A good recent example with lots of implied monetary implications just took place in the last stages of America’s presidential election campaign.
Yes, the silly season of expensive political promises is in overdrive among our southern neighbours who will be going to the polls on November 5 to choose which one of two deeply flawed candidates will be their next president.
Meanwhile, the feebleminded current incumbent was in Arizona on Friday, October 25, where he made a knuckleheaded apology for a noble historical effort to bring Western education and civilization to his country’s stone-age indigenous children, as recently noted in this newsletter by its editor James Pew.
U.S. President Joe Biden actually called his nation’s 159-year Indian Boarding School system – a project that formed the model for Canada’s federally-funding of Indian Residential Schools – a “sin in our soul.”

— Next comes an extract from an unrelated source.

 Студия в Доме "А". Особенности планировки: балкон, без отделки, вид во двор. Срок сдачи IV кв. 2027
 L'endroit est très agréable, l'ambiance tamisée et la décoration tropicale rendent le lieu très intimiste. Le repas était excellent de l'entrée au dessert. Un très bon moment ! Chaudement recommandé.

“I formally apologize as president of the United States of America for what we did,” Biden said in a visit to the Gila River Indian Community on the outskirts of Phoenix.
Arizona is a battleground state where Native American voters form a crucial voting bloc and Biden can make all the apologies he likes because he won’t be around much longer to fund their fallout. In this case it could be billions in reparation demands that will now erupt demanding compensations for the government’s role in supporting the Indian Boarding Schools.

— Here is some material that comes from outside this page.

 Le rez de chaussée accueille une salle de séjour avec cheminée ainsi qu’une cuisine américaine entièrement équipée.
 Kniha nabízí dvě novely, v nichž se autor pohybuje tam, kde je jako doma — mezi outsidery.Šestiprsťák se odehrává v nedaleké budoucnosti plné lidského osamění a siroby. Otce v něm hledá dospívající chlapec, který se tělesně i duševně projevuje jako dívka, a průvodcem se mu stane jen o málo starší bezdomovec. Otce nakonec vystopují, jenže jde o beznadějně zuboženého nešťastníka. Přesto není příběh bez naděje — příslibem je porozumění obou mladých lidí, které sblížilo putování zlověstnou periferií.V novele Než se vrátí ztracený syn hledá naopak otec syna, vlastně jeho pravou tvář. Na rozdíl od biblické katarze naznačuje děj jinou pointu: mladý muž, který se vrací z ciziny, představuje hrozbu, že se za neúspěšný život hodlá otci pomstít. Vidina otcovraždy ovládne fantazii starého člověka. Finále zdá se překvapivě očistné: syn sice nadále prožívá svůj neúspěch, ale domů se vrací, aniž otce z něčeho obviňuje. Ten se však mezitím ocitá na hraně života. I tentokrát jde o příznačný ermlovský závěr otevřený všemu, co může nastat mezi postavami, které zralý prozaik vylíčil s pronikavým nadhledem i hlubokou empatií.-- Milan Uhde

If truth be told, Biden knew little or nothing about these schools despite his blatantly political apology delivered with Election Day a little over a week away and polls showing a tight race between Vice President Kamala Harris and Republican Donald Trump.

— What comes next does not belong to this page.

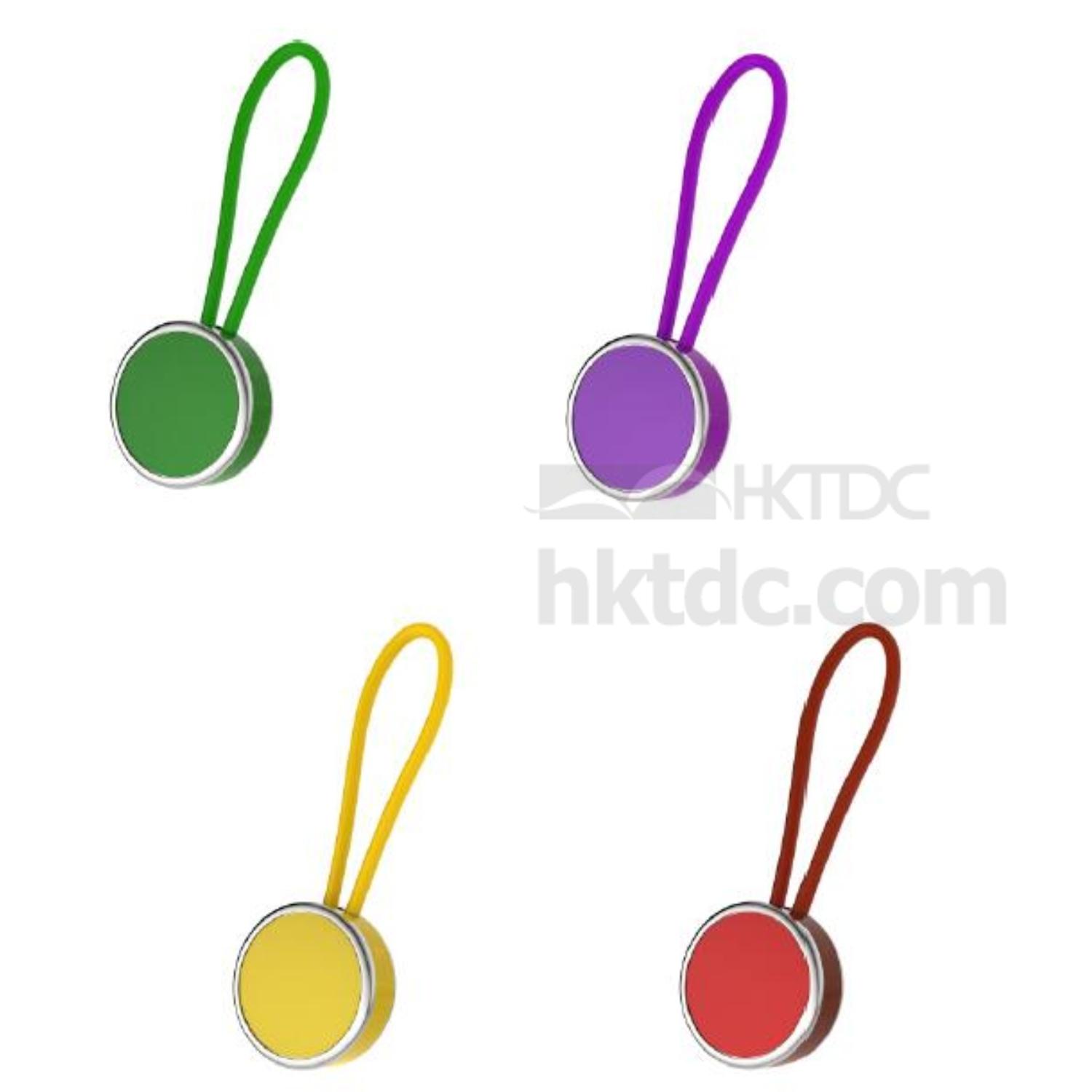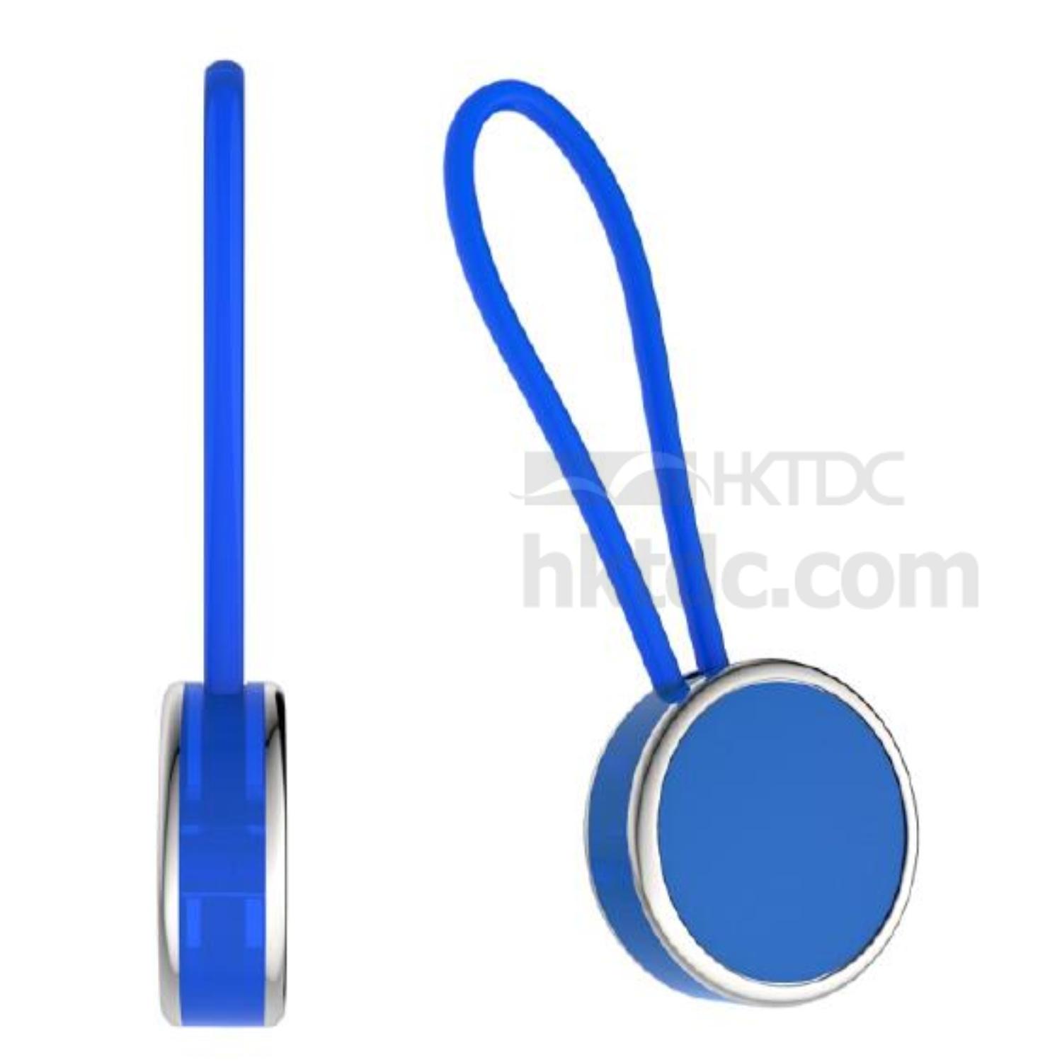Circle Shape Metal Keychain with Plastic Strap

The story of these Indian Boarding Schools began in 1819 when the American Congress passed the Indian Civilization Act whose purpose was “providing against the further decline and final extinction of the Indian tribes, adjoining the frontier settlements of the United States, and for introducing among them the habits and arts of civilization.” The Act was officially struck down by the Indian Child Welfare Act of 1978.
“Providing against further decline and final extinction” was no silly rationale for promoting integration, a process with many positive and negative features that has characterized the human condition around the globe for millennia.
Before Columbus arrived in the Americas in 1492, what became the United States had an estimated population of three million people; by 1819, it had nosedived by 90 percent to 300,000.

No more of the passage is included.